CDN: design for tens of Gbps - offload 90–99% to CDN.
Some major CDN providers include Cloudflare, Akamai, Amazon CloudFront, Google Cloud CDN, Microsoft Azure CDN and Fastly.

K8s origin & API tier:

ballpark numbers: 100–300 pods across regions. Pod size ~0.5–1 vCPU, 1–2 GiB memory.

Ingress / API layer: use dedicated nodepool; 10–30 nodes (n1-standard-8 or similar).

Transcoding:

Transcoding is required for converting the content into multiple renditions to support adaptive bitrate streaming (HLS/DASH).

For VOD(Video on Demand): ephemeral workers - spawn jobs as needed; use large node pools for burst.

For live: GPU nodes; count depends on encoding profile (1 GPU can serve X concurrent streams). Example: 8–32 GPU nodes.

Cache / Redis: Clustered Redis (HA) with enough memory to hold hot manifests and sessions.

DB:

Metadata DB (Postgres/Cockroach) in HA with read replicas.
Analytics DB separated (Clickhouse / BigQuery).

Nodes:

Per region: multiple node pools - small for frontend, medium for workers, large/GPU for transcoding.

Example region sizing: 50–150 nodes depending on workload mix.

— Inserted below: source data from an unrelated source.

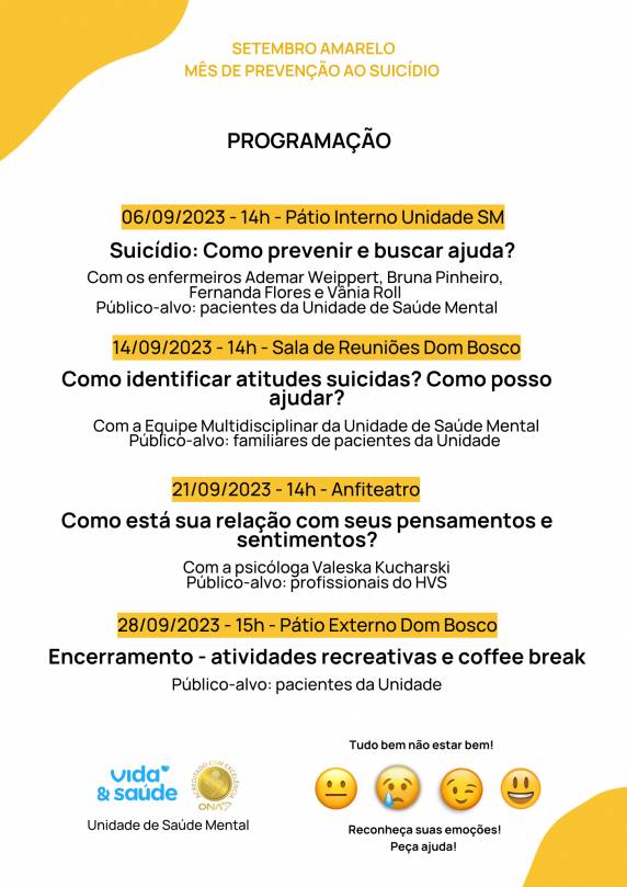 Responsável pelo tratamento de pacientes com transtornos mentais, a Unidade de Saúde Mental do HVS recebe adultos, crianças e adolescentes, e é referência no atendimento para municípios de toda região. A programação da Unidade contará com um momento voltado aos pacientes no dia 06. Já no dia 14, os profissionais realizarão um bate-papo com os familiares dos pacientes, alertando a importância de ficar atento as atitudes suicidas. No dia 21, a programação é voltada para os profissionais do HVS e o encerramento acontece no dia 28, com a realização de atividades recreativas na Unidade.
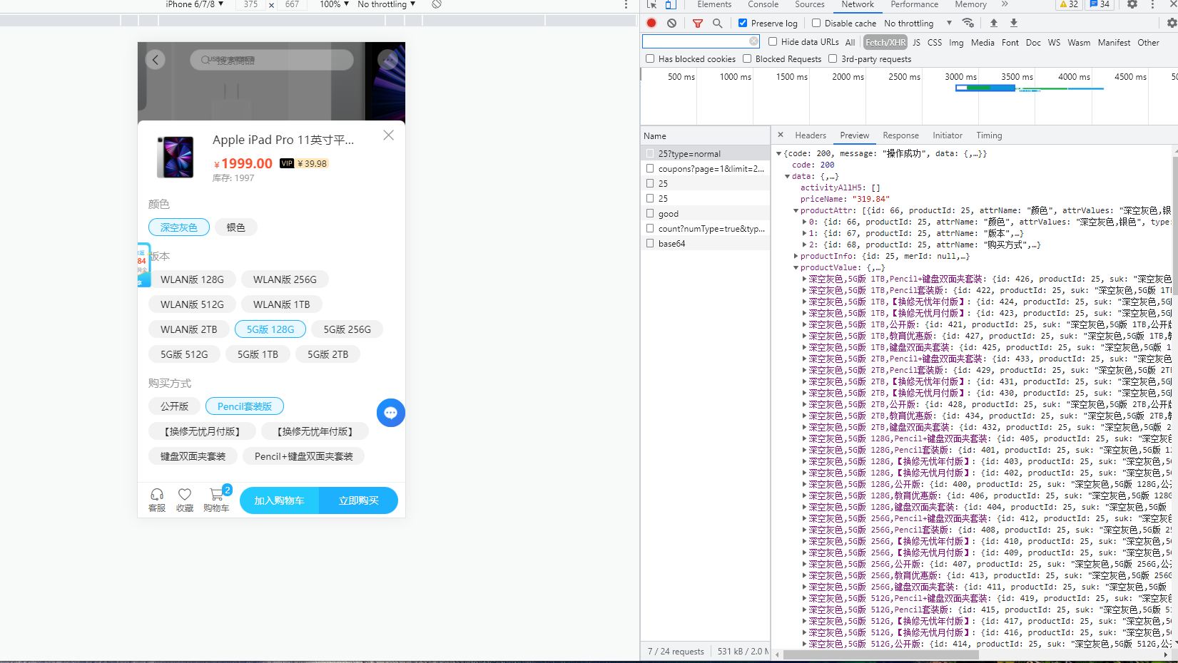 提示:在上个版本的移动端商城中,要做一个类似拼多多的sku轮播图选择器的功能,这个功能其实还挺好玩的,难点最主要是轮播图跟sku属性关联起来,看一下拼多多的示例。
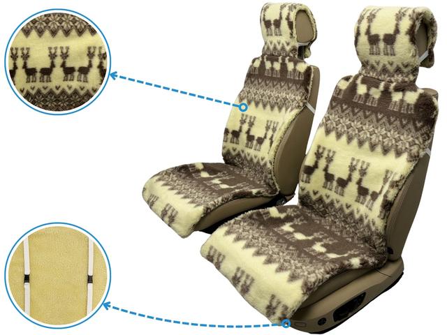 Хутряні накидки універсальні чохли - майки на передні сидіння авто з овчини (Еко-хутро) принт "Олені"
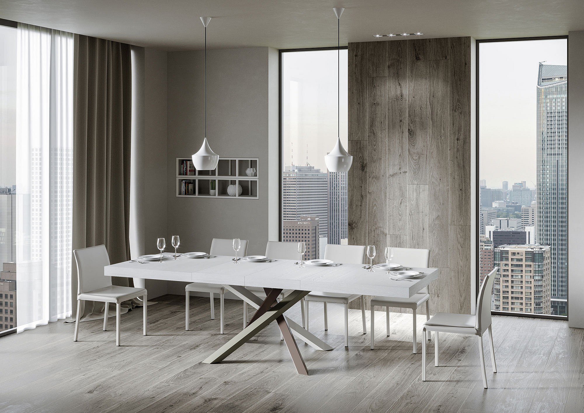 Table extensible 90x180/284 cm Proxy Premium Frêne Blanc cadre Anthracite
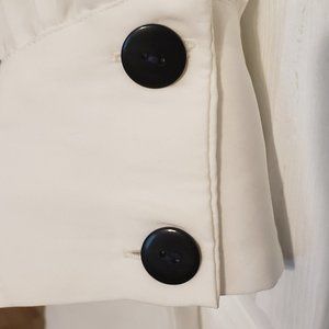 White puff-sleeve blouse with button details from the brand Vero Moda. Originally purchased from ASOS. Never worn, but removed tags. The buttons seem to have left some residue on the fabric directly behind them, but this is very hard to see when the sleeves are buttoned. NWOT. The tightest part of the sleeve when buttoned is 9.5 in around, which was too small for my arms.
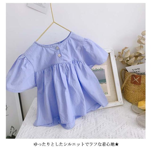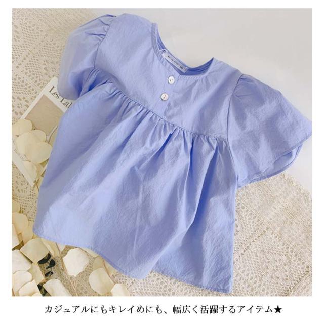 ブラウス 子供服 ブラウス シャツ フリルTシャツ フレアスリーブ 半袖 フレア シンプルシャツ 無地ブラウス ゆったり ふんわり感 可愛い 女の子 ガールズ プルオーバー トップス 夏新作
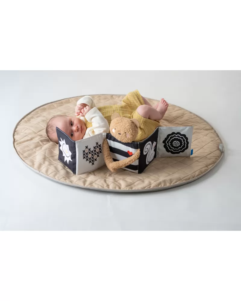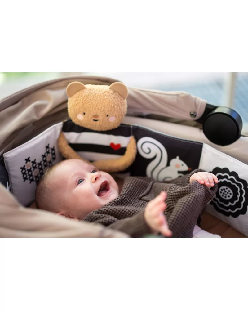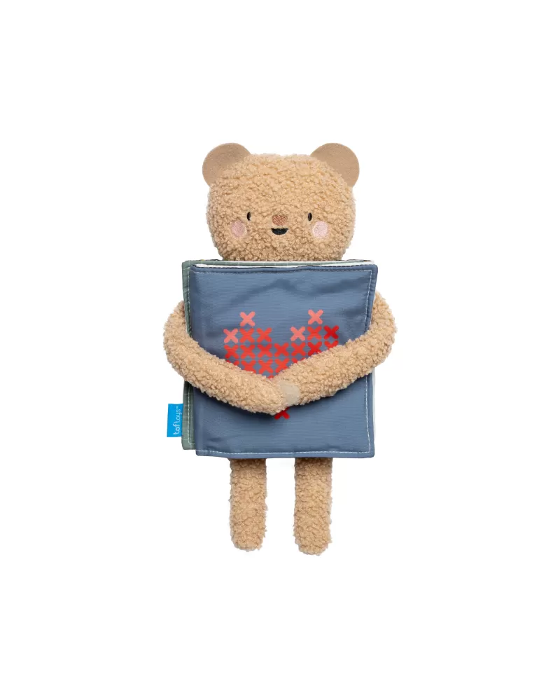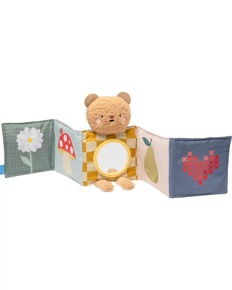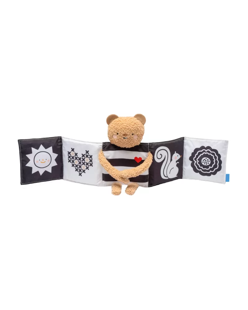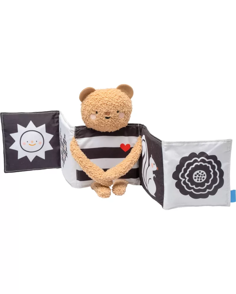 Plyšový medvídek s textilní knížkou miminko zabaví a zároveň pomáhá rozvíjet jeho jednotlivé smysly. Oboustranná knížka nabízí stranu pro novorozence s vysoce kontrastními černobílými ilustracemi a stranu s výraznými barevnými ilustracemi a aktivitami ke zkoumání pro starší miminko. Hračka podněcuje zvídavost, podporuje vývoj dítěte a zároveň nabízí příjemnou porci mazlení.

Network & egress: plan for high outgoing bandwidth; use cloud egress plans and CDN for cost control.

Resilience & availability

Multi-AZ per region, multi-region failover for critical services.
Cross-region replication for metadata (or active-passive with fast failover).
Use etcd backup snapshots and automated restore tests for control plane.
Use health probes, circuit breakers, retries on network calls.

Security & costs

Offload public traffic to CDN to reduce egress and node count.
Use signed URLs so the origin is not overwhelmed.
Add WAF and DDoS protection (Cloud provider + CDN).
Use fine-grained RBAC, network policies, and secrets manager (K8s Secrets + KMS).

Observability & SLOs

1.Instrument player and backend: latency, buffering ratio, startup time, bitrate changes.

2.Collect metrics: CDN hit/miss rate, origin QPS, transcoder queue length, error rates.

3.Define SLOs: e.g., 99.5% play success, <2s startup for 95th percentile.

CI/CD & Operational Playbooks

1.GitOps (ArgoCD) for manifests; Helm for templating.

2.Canary/blue-green rollouts for topology changes.

3.Chaos tests for resilience (chaos monkey, pod/node kills).

4.Run load tests (Gatling, Locust) with realistic CDN bypass to measure origin load.

Quick variants by assumption

1.Option A (10k concurrent) - Single region, 10–30 nodes, small transcode fleet, CDN still mandatory.

2.Option C (1M concurrent) - Multi-region, several large clusters, massive CDN footprint, significant investment in edge infra, likely multi-cloud or many POPs.